18. Ne consegue che è sufficiente che anche una sola delle dette ragioni non abbia formato oggetto di censura, ovvero, pur essendo stata impugnata, sia respinta, perchè il ricorso o il motivo di impugnazione avverso il singolo capo di essa debba essere respinto nella sua interezza, divenendo inammissibili, per difetto di interesse, le censure avverso le altre ragioni, nella specie l’insussistenza della malattia indennizzabile, poste a base della sentenza (v., ex multis, Cass., Sez.U, nn. 10374 del 2007 e 16602 del 2005).

19. In conclusione, il ricorso è da rigettare.

20. Le spese di lite, liquidate come in dispositivo, seguono la soccombenza.

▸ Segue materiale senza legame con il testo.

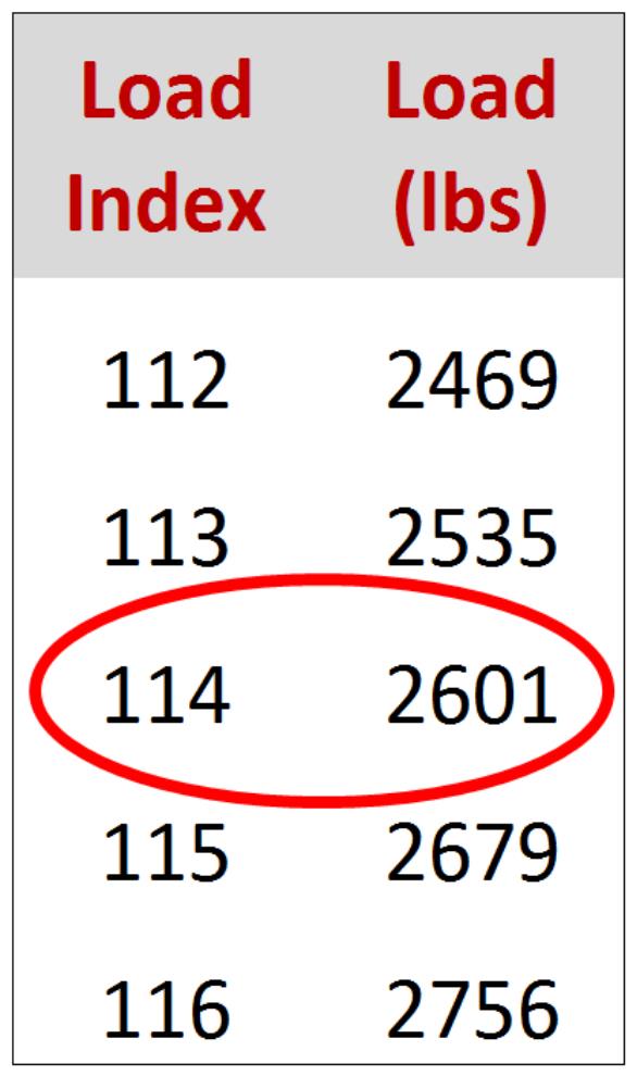 The public cannot access the TRA website, but at the end of this post I’ll provide some links for you to find all this tire information. Load Index Ratings go from 1 – 150. For now, here is the source for the load rating of 114.
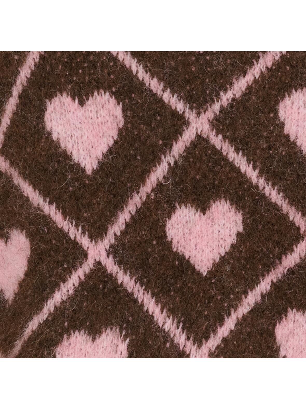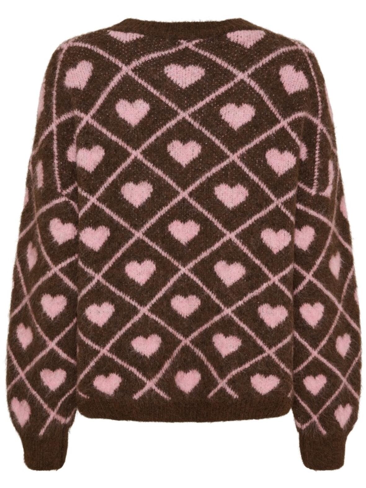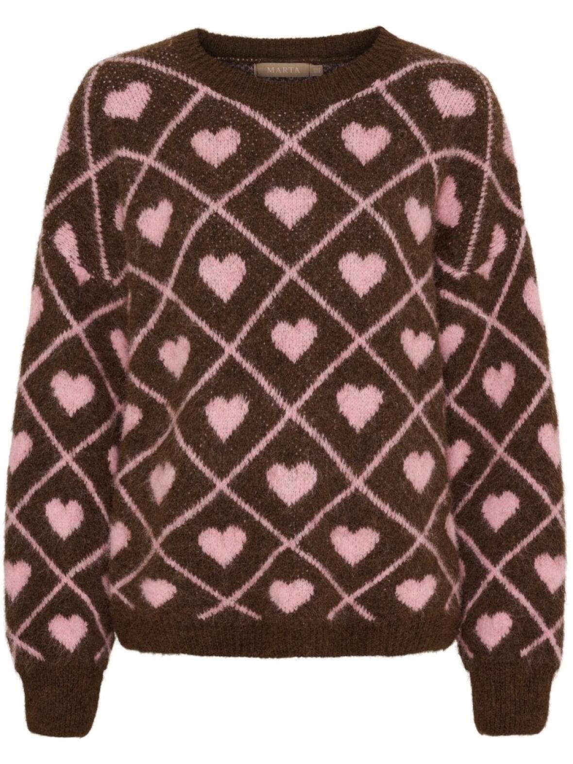 Marta Du Chateau Feray strik pullover i brun med lyserøde hjerter præsenterer en sart kontrast mellem dyb brun og blidt rosa.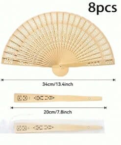 8pcs Elegant Pure Wood Fans, Handmade Carved Wooden Fan, Gift Fan For Wedding Party Performance – Wood Carving Printed Vintage Folding Fan, Antique Craft Fan, Hollow Out, Portable Dance Decorative Fan BY SHEIN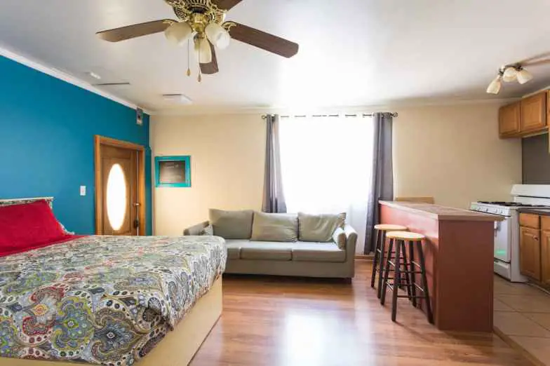 Reserve este Airbnb en Los Ángeles para obtener una casa de huéspedes de 400 pies cuadrados con su propio baño privado, cocina, dormitorio y sala de estar. La casa tiene capacidad para seis personas y tiene estacionamiento gratuito. Es limpio, brillante y en una excelente ubicación. El estacionamiento está cerrado para esta casa histórica que también ofrece Wi-Fi y una buena ducha. Los arreglos para dormir incluyen dos camas tamaño queen, un sofá y dos colchones de aire en el dormitorio, así como otro colchón de aire en el área común. En esta parte de Los Ángeles, hay un montón de cafeterías, bares, panaderías, restaurantes y cosas para hacer en la zona.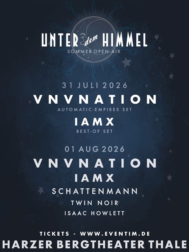 Dates/VNV Nation Unter dem Himmel 31.07.2026 00:00 DE Thale / Harzer Bergtheater Tickets Map Share Share page Facebook Twitter Whatsapp FB Messenger Pinterest E-Mail Zwischenablage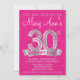 Este convite para aniversário de 30 anos apresenta uma clad de prata e diamante 30 com ousadia na frente e no centro. É o convite de aniversário perfeito para qualquer jovem que comemore seu 30.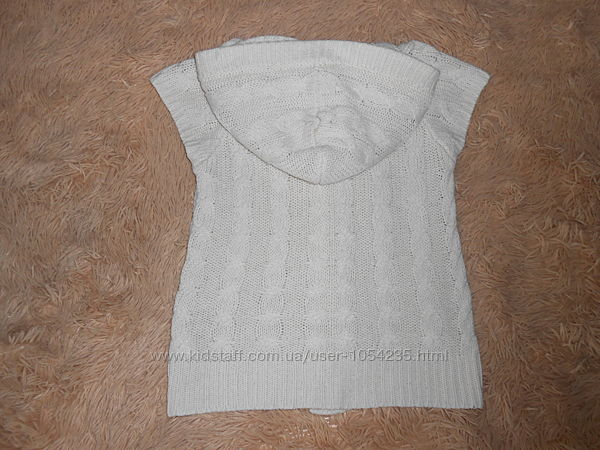 2. Жилеточка вязаная бежевая на рост 128 см., на возраст 7-8 лет "YD": ширина под рукавчиками - 35 см., длина от плечика - 51 см. Застегивается на большие пуговички, с капюшоном (внутри капюшона флисовая подкладка). Материал: 100% акрилик. Цена: 80 грн.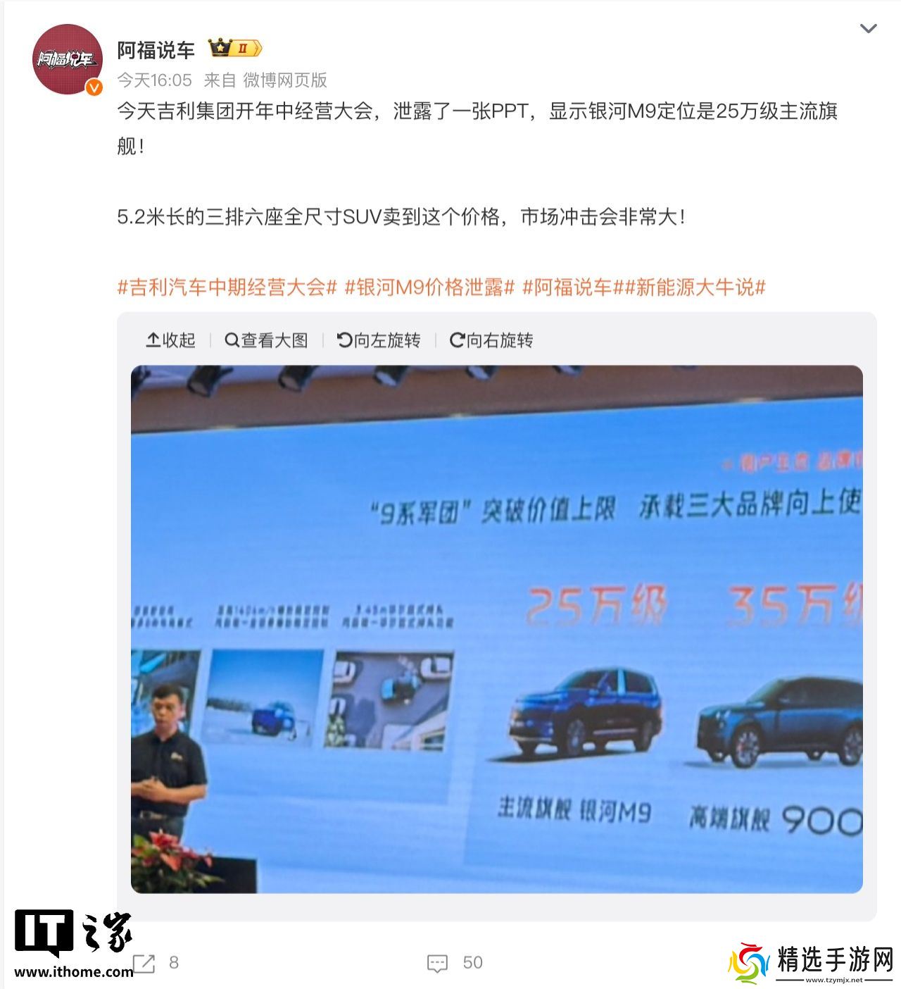 本站 7 月 30 日消息,吉利集团今天召开了年中经营大会,现场 PPT 展示了吉利的“9 系军团”,除了已经上市的领克 900 外,另一款中大型 SUV 新车 —— 银河 M9 的售价信息也一并曝光:25 万元级别,定位为“主流旗舰”,明显低于领克 900 的“高端旗舰”。
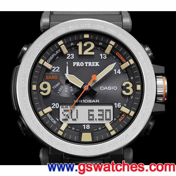 金響鐘錶精品購物網::專賣原廠公司貨:::歡迎議價或門市購買全年優惠 EST.1995 » CASIO系列 » PRO-TREK專業登山錶 » CASIO PRG-600-1DR(公司貨,保固1年):::PRO TREK太陽能專業登山錶,指針數字雙顯,溫度,高度,氣壓,方位,免運費,刷卡或3期零利率,PRG600 |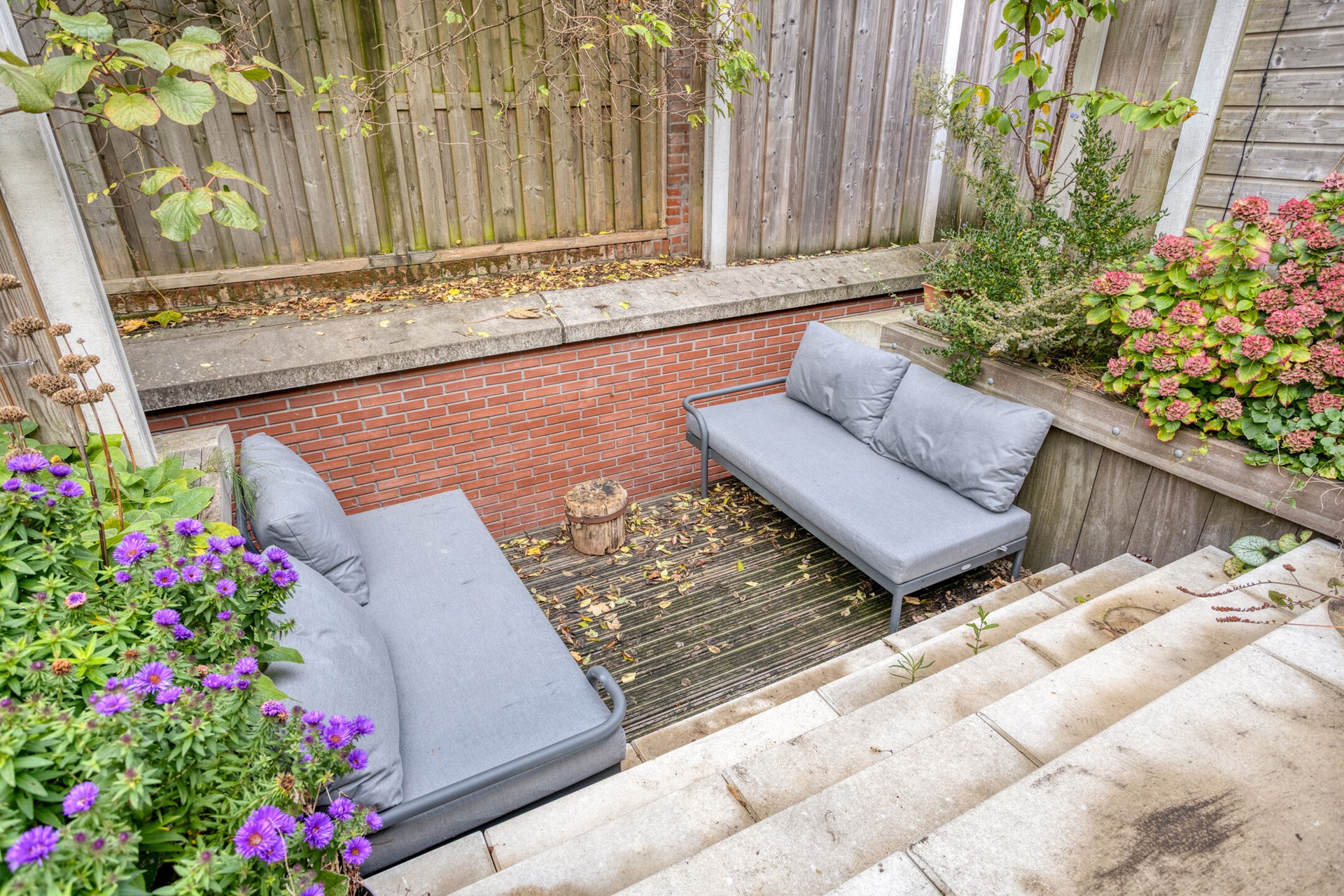 Een zonnige, vrije achtertuin met een uniek zonneterras direct aan de Drienerbeek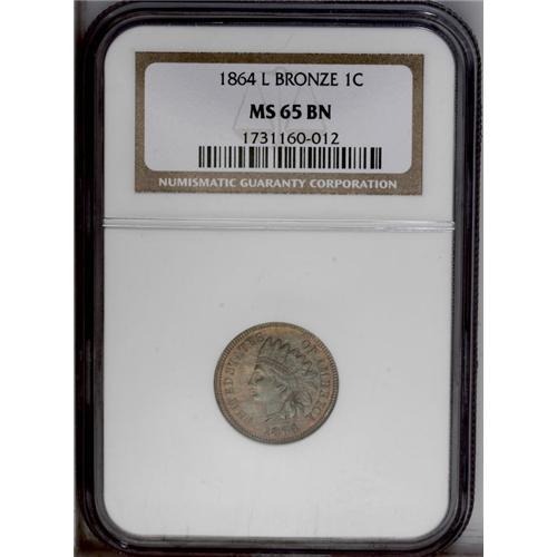 <B>1864<1C> L On Ribbon MS65 Brown NGC.</B></I> Although designated as Brown by NGC, this piece has sufficient orange-red to merit a Red and Brown designation, although the devices are toned lime-green. An unabraded and crisply struck Gem.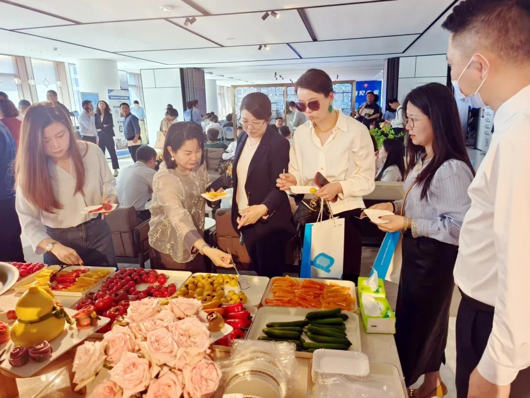 同時(shí),在會(huì)場(chǎng)的茶歇區(qū),工作人員精心準(zhǔn)備了各種糕點(diǎn)和面食,擺盤精致,口味多樣,賞心悅目,還專門擺上了青島力源生態(tài)農(nóng)場(chǎng)出品的太空黃瓜、太空西紅柿、太空辣椒等蔬菜,一顆顆果實(shí)色彩亮麗、爽脆可口、汁水豐富,受到大家的喜愛。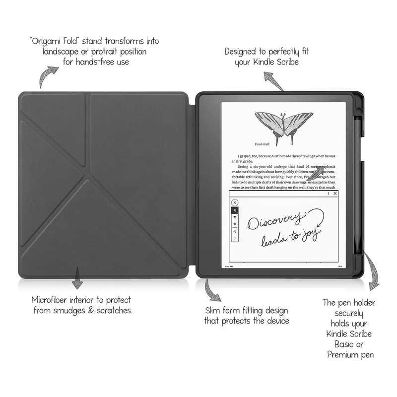 - The pen holder securely holds your Kindle Scribe Basic or Premium pen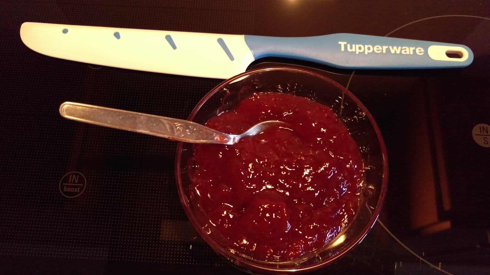 Espalhe o doce de morango generosamente por todo o bolo com a Espátula de Silicone da Tupperware.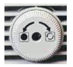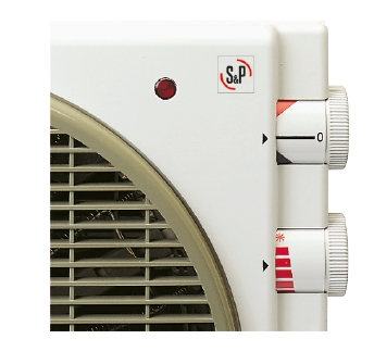 ![]() | Regulace otáček Regulace otáček pomocí dvou otočných přepínačů na boku skříně, kterými se ovládá přepínání režimů (bez ohřevu/s ohřevem), regulace otáček (3 stupně pro chod bez ohřevu vzduchu a 1 stupeň pro chod s ohřevem vzduchu) a nastavitelný termostat. Ventilátor v režimu teplého vzduchu ohřívá vzduch na zhruba 40 °C. Rotace čelní mřížky se zapíná na mřížce. | |

21. Ai sensi del D.P.R. n. 115 del 2002, art. 13, comma 1-quater, sussistono i presupposti processuali per il versamento, a carico della parte ricorrente, dell’ulteriore importo, a titolo di contributo unificato, pari a quello per il ricorso ex art. 13, comma 1-bis, se dovuto.

P.Q.M.

La Corte rigetta il ricorso; condanna il ricorrente al pagamento delle spese processuali liquidate in Euro 200,00 per esborsi, Euro 2.500,00 per compensi professionali, oltre accessori di legge. Ai sensi del D.P.R. n. 115 del 2002, art. 13, comma 1-quater, sussistono i presupposti processuali per il versamento, a carico della parte ricorrente, dell’ulteriore importo, a titolo di contributo unificato, pari a quello per il ricorso ex art. 13, comma 1-bis, se dovuto.

Così deciso in Roma, nella Camera di consiglio, il 23 ottobre 2019.